The line will be marketed as a collaboration, with Wolford and Jean Paul Gaultier on the packaging. Its suggested retail prices are $215 for the bodysuits, $100 for the Fuseau tights and $65 for regular tights, with the retail launch planned in Wolford boutiques and select specialty stores in April.
At Tommy Hilfiger, Russel J. Klein, president of women’s legwear, said, “The collection business is not happening, it is really about items. Retailers were looking for a greater depth of items, which also sell through better.”
Classic fashion looks such as houndstooth, chalk-stripe and argyle had been received well in Hilfiger’s signature red, navy and white, as well as maple leaf and currant, according to Klein.
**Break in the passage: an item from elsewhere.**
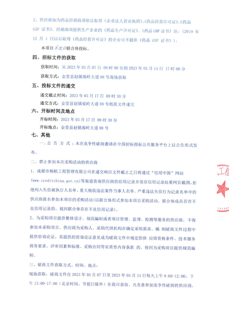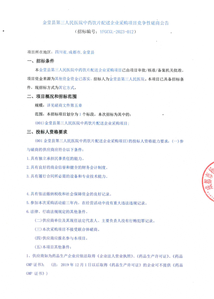 【成都市金堂县第三人民医院】四川省成都市金堂县第三人民医院中药饮片配送企业采购项目竞争性磋商公告

Also leading sales were opaque thigh highs, fishnets, and open-mesh tights in a variety of colors.
Lederman, at Leg Resource, said novelty looks peaked interest, and noted that much of the action was led by luxury fiber treatments, in particular pima cotton and cashmere, in basics and novelty items, such as men’s wear-inspired patterns using blends of precious fibers, such as cashmere, angora blends and pima cotton.
Lederman said one of the challenges with novelty items is that, unlike basic hosiery, novelty constantly needs to be updated to keep the departments exciting. This, he said, will put more pressure on vendors to deliver more frequently.
“Fashion is what keeps [women] shopping on the floor. It brings color and life to it, even if she ends up buying basics,” Royce’s McNellis said.